**Exercise goal**
Write out the lines of the material below exactly, beginning at the line with "Shield | Français" and stopping after the line with "A família diocesana", and leave out the pictures.

**Study material**
★ ★ ★
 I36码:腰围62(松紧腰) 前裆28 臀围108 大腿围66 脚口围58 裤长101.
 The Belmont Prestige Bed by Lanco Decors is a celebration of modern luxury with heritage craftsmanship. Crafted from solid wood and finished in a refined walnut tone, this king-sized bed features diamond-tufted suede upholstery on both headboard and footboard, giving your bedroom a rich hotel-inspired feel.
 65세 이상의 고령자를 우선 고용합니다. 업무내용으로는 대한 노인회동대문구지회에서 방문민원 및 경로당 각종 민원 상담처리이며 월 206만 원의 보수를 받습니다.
★ ★ ★
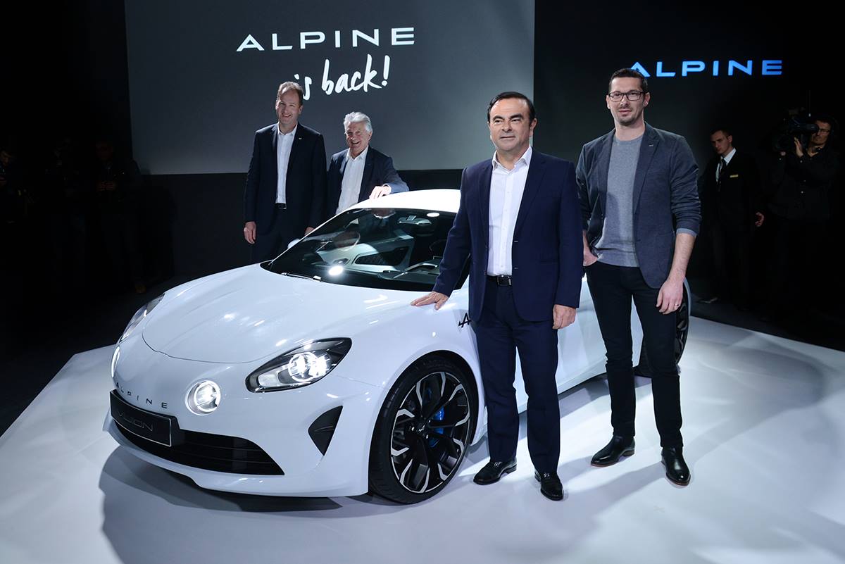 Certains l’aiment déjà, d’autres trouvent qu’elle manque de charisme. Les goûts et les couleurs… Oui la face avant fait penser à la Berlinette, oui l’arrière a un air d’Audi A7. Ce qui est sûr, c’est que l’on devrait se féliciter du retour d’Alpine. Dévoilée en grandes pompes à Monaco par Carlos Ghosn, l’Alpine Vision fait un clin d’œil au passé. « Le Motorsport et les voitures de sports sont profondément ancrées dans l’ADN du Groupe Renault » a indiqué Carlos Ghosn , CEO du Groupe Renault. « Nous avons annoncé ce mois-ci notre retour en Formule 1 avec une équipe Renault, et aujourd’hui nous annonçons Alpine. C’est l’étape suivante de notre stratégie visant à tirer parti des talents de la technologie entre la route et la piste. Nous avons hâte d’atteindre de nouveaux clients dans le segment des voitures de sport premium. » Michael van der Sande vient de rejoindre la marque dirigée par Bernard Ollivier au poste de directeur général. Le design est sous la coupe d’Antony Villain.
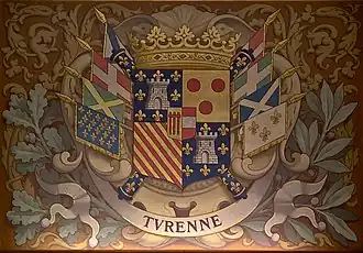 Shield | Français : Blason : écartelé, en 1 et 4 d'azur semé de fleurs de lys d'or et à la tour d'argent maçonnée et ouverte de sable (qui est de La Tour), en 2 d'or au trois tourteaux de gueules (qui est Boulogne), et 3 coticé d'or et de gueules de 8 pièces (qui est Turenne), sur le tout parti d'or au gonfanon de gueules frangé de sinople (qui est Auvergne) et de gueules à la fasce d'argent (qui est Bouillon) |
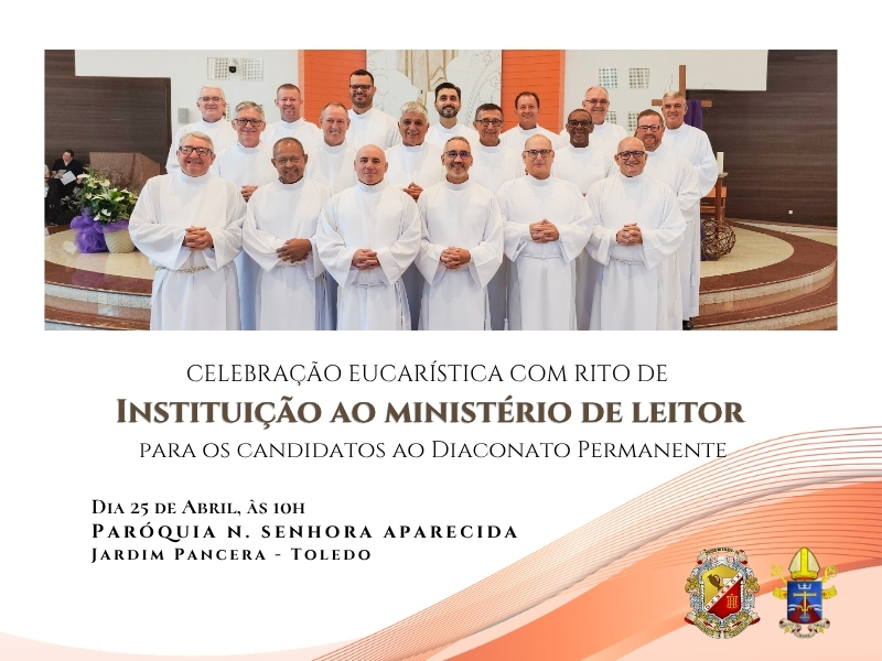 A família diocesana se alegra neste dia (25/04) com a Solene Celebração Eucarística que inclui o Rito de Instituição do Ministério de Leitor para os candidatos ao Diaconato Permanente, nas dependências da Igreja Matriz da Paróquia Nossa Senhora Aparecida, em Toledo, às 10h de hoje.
★ ★ ★
**Task answer**
 Shield | Français : Blason : écartelé, en 1 et 4 d'azur semé de fleurs de lys d'or et à la tour d'argent maçonnée et ouverte de sable (qui est de La Tour), en 2 d'or au trois tourteaux de gueules (qui est Boulogne), et 3 coticé d'or et de gueules de 8 pièces (qui est Turenne), sur le tout parti d'or au gonfanon de gueules frangé de sinople (qui est Auvergne) et de gueules à la fasce d'argent (qui est Bouillon) |
 A família diocesana se alegra neste dia (25/04) com a Solene Celebração Eucarística que inclui o Rito de Instituição do Ministério de Leitor para os candidatos ao Diaconato Permanente, nas dependências da Igreja Matriz da Paróquia Nossa Senhora Aparecida, em Toledo, às 10h de hoje.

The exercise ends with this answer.